Leaders of Iran's opposition movement have called for demonstrators to take to the streets as the Islamic republic marks its 31st anniversary.
Police, Revolutionary Guard troops and Basij militia have been deployed in force for the anniversary, which is marked annually with huge displays of support for the 1979 revolution.
A number of opposition figures were detained before the event on Thursday, police said.
Esmail Ahmadi-Moghaddam, Iran's national police chief, said that the Revolutionary Guard and Basij militia were ready for any incident.
"We are fully prepared for holding a safe and glorious rally," he told the semi-official Fars news agency.
"We are closely watching the activities of the sedition movement and several people who were preparing to disrupt the February 11 rallies were arrested."
Mahmoud Ahmadinejad, the Iranian president who was re-elected in a disputed poll last year, is set to address a mass rally in Tehran's central Azadi square.
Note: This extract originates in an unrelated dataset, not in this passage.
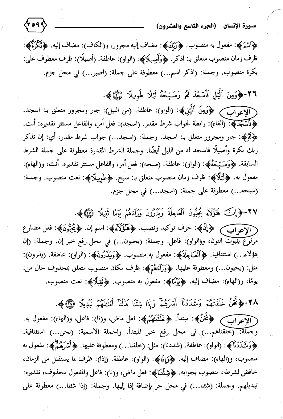 ٢٦ - {وَمِنَ اللَّيْلِ فَاسْجُدْ لَهُ وَسَبِّحْهُ لَيْلاً طَوِيلاً (٢٦)}

"I have no doubt that Bahman 22 [February 11] of this year will make clear the right path and will cause the world to come to a major decision," Ahmadinejad said in televised speech ahead of the anniversary.
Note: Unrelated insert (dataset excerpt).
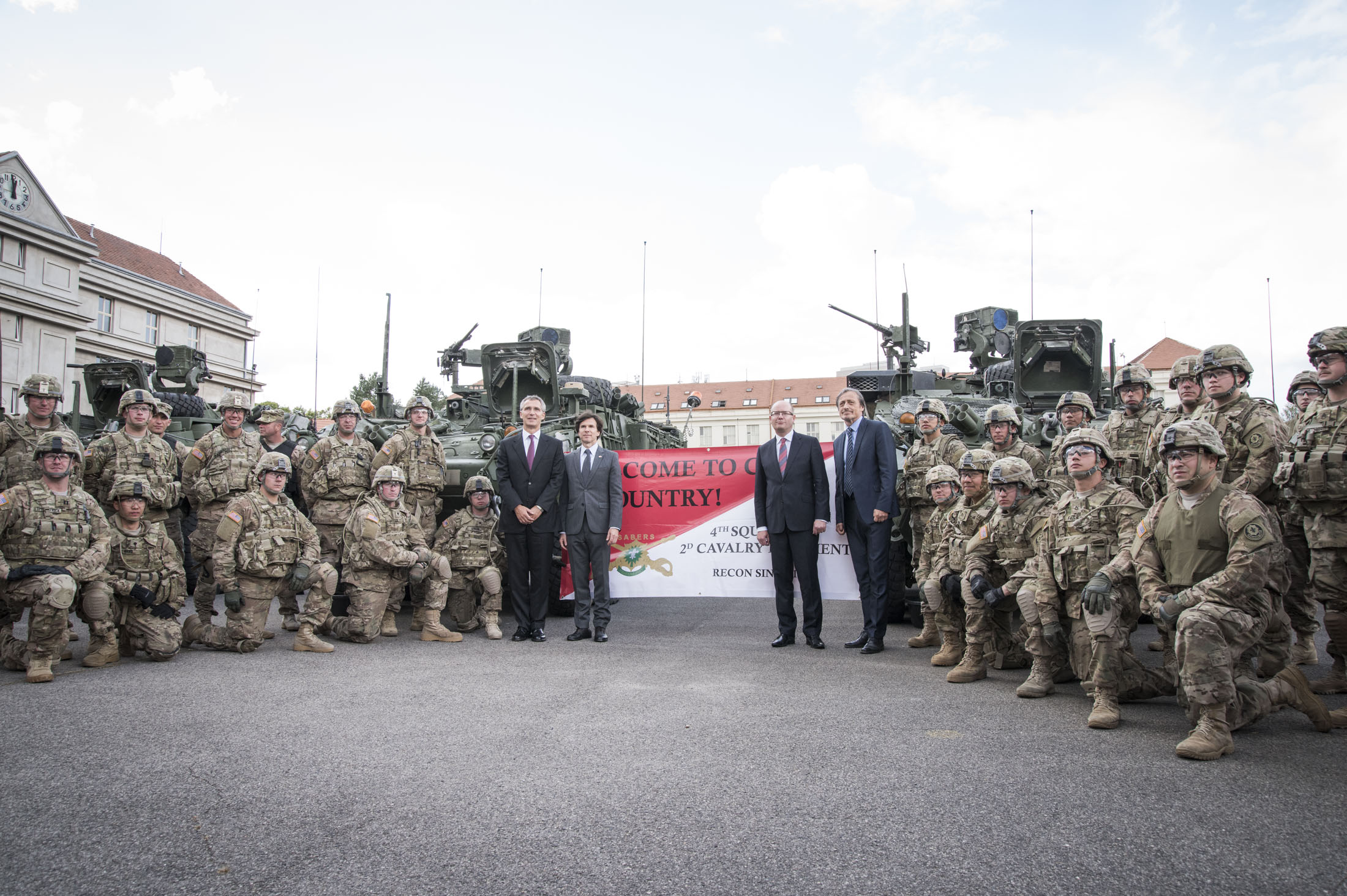 NATO Secretary General Jens Stoltenberg with Prime Minister Bohuslav Sobotka, Minister of Defense of the Czech Republic Martin Stropnicky , the U.S Ambassador to Czech Republic Andrew H. Shapiro and the US Army Convoy. 9.September 2015 ©NATO

"And with the grace of God it [the rallies on this day] will create a greater victory and honour for the Iranian nation."
In previous years the event has attracted tens of thousands of Iranians celebrating the overthrow of the ruling Shah in a revolution led by Ayatollah Ruhollah Khomeini.
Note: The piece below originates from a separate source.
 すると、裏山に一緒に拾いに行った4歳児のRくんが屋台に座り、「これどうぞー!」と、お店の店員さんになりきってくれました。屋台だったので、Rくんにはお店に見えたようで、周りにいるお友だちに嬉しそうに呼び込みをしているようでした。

Ahmadinejad made no remarks about possible protests on the anniversary or the previous unrest in the country.
Opposition websites have, in recent days, encouraged supporters of the so-called Green Movement, which has staged a series of protests since the disputed election, to attend the rally as well, saying that the day belongs to all Iranians.
Ali Akbar Hashemi Rafsanjani, the head of Iran's Expediency Council, touched on the tense political situation in an interview with state broadcaster IRIB.
"I feel we have to participate while maintaining the collective spirit as well as our identity and leave an impression"
Mir Hossein Mousavi,
"This year is more sensitive that previous years. First because of the internal disputes which enemies have focused on," the former president and bitter rival of Ahmadinejad said.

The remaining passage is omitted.